● Source information
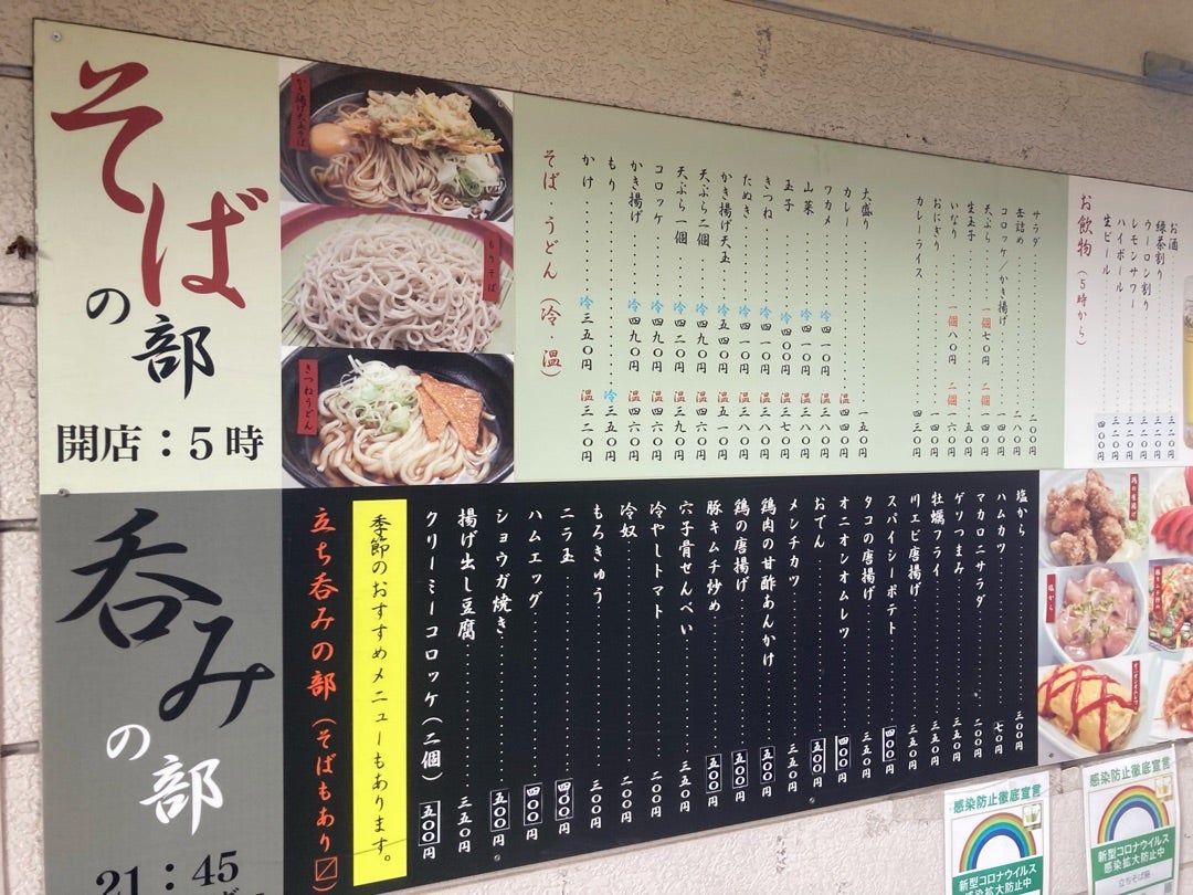 他のメニューはこんな感じです。朝5時からは「そばの部」、夕方17時からは「呑みの部」として、二毛作営業されています。ケース内の天ぷらが二個選べる“天ぷら2個そば(税込み460円)”が人気のようです。
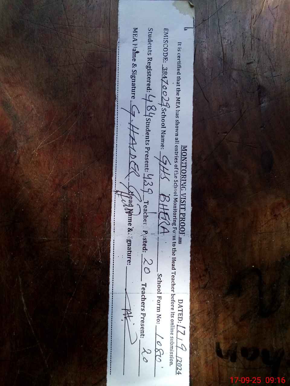 | Attendance Register | Head Teacher | MEA with School | Visit Proof |
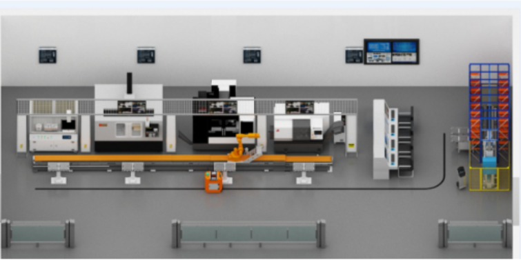數(shù)控機床加工制造單元及其自動化改造、自動激光打標單元、自動化立體倉儲單元、工業(yè)機器人上下料單元、 AGV運載單元、監(jiān)控單元、系統(tǒng)中央控制單元等多個功能模塊單元組成了智能制造生產線系統(tǒng).
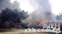 ■黑烟弥漫,消防员正全力扑救。 ■工厂大部分成了废墟。 ■被消防员抢救出来的油罐车。 新快报9月12日报道 昨日下午近3时20分,位于江门鹤山市杰洲村的远翔燃料有限公司突发爆炸燃烧事故,占地约2000平方米的公司一大半陷入火海,公司内存有20多个大小油罐...
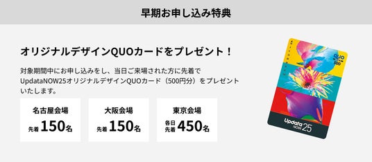 また、早期お申し込み特典としてUpdataNOW25のオリジナルデザインQUOカードを先着でご用意しています。
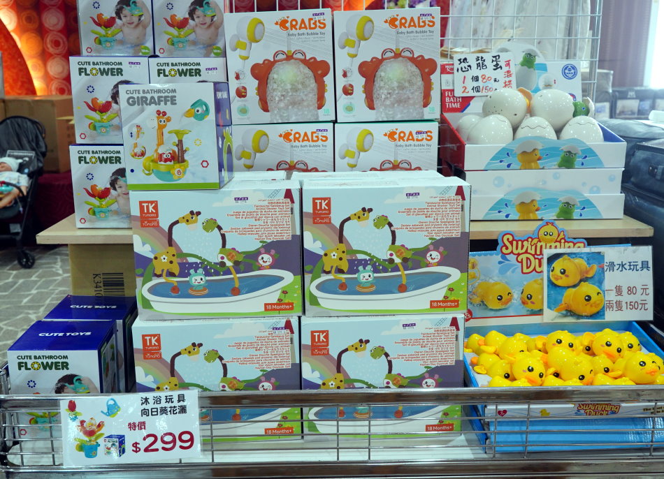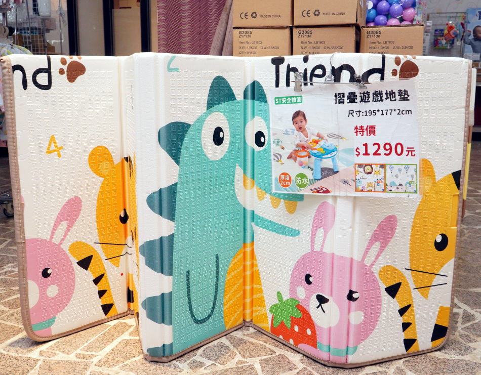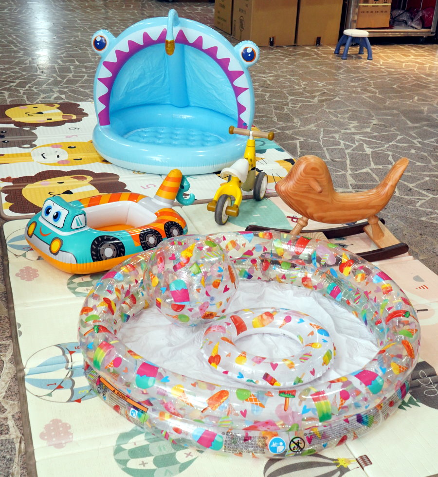 ▼用於遊戲區的雙面摺疊地墊也是超熱賣,上頭也有展示充氣泳池、玩具等,大家都可以實地感受一下!
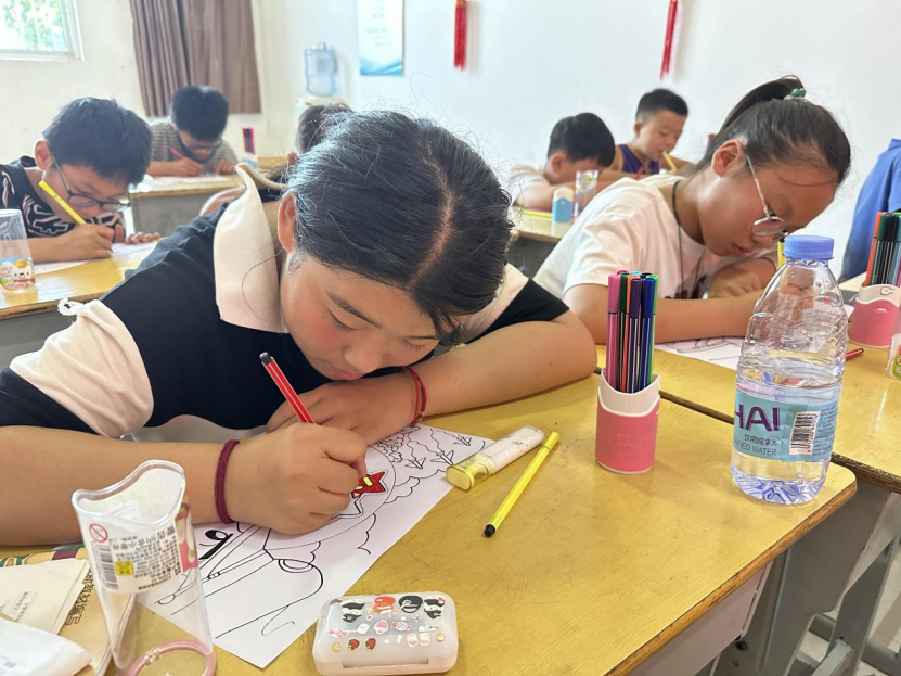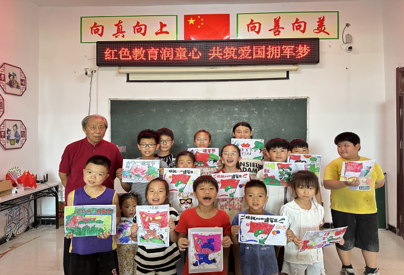 活动开始,志愿者从中国共产党的诞生讲起,详细讲解了党在革命、建设、改革各个历史时期的奋斗历程和辉煌成就,加深了青少年对党的认识和对革命历史的了解,激发了他们的爱国情感和民族自豪感。在互动阶段,有的孩子们讲述了红军长征途中的感人故事,有的介绍了抗日英雄的光辉事迹。这些故事让孩子们更加直观地感受到了革命先烈的伟大精神,他们通过绘画的形式表达对军人的无限崇敬,让爱国主义种子在这些青少年们的心中生根发芽。 一幅幅色彩鲜艳、充满童真的画作,展现了他们对军人的崇敬和对祖国的热爱。

● Exercise requirements
Exact copy required, pictures excluded: the lines from the one holding "數(shù)控機床加工制造單" through the last line of the data, both ends included.

● Answer box
數(shù)控機床加工制造單元及其自動化改造、自動激光打標單元、自動化立體倉儲單元、工業(yè)機器人上下料單元、 AGV運載單元、監(jiān)控單元、系統(tǒng)中央控制單元等多個功能模塊單元組成了智能制造生產線系統(tǒng).
 ■黑烟弥漫,消防员正全力扑救。 ■工厂大部分成了废墟。 ■被消防员抢救出来的油罐车。 新快报9月12日报道 昨日下午近3时20分,位于江门鹤山市杰洲村的远翔燃料有限公司突发爆炸燃烧事故,占地约2000平方米的公司一大半陷入火海,公司内存有20多个大小油罐...
 また、早期お申し込み特典としてUpdataNOW25のオリジナルデザインQUOカードを先着でご用意しています。
 ▼用於遊戲區的雙面摺疊地墊也是超熱賣,上頭也有展示充氣泳池、玩具等,大家都可以實地感受一下!
 活动开始,志愿者从中国共产党的诞生讲起,详细讲解了党在革命、建设、改革各个历史时期的奋斗历程和辉煌成就,加深了青少年对党的认识和对革命历史的了解,激发了他们的爱国情感和民族自豪感。在互动阶段,有的孩子们讲述了红军长征途中的感人故事,有的介绍了抗日英雄的光辉事迹。这些故事让孩子们更加直观地感受到了革命先烈的伟大精神,他们通过绘画的形式表达对军人的无限崇敬,让爱国主义种子在这些青少年们的心中生根发芽。 一幅幅色彩鲜艳、充满童真的画作,展现了他们对军人的崇敬和对祖国的热爱。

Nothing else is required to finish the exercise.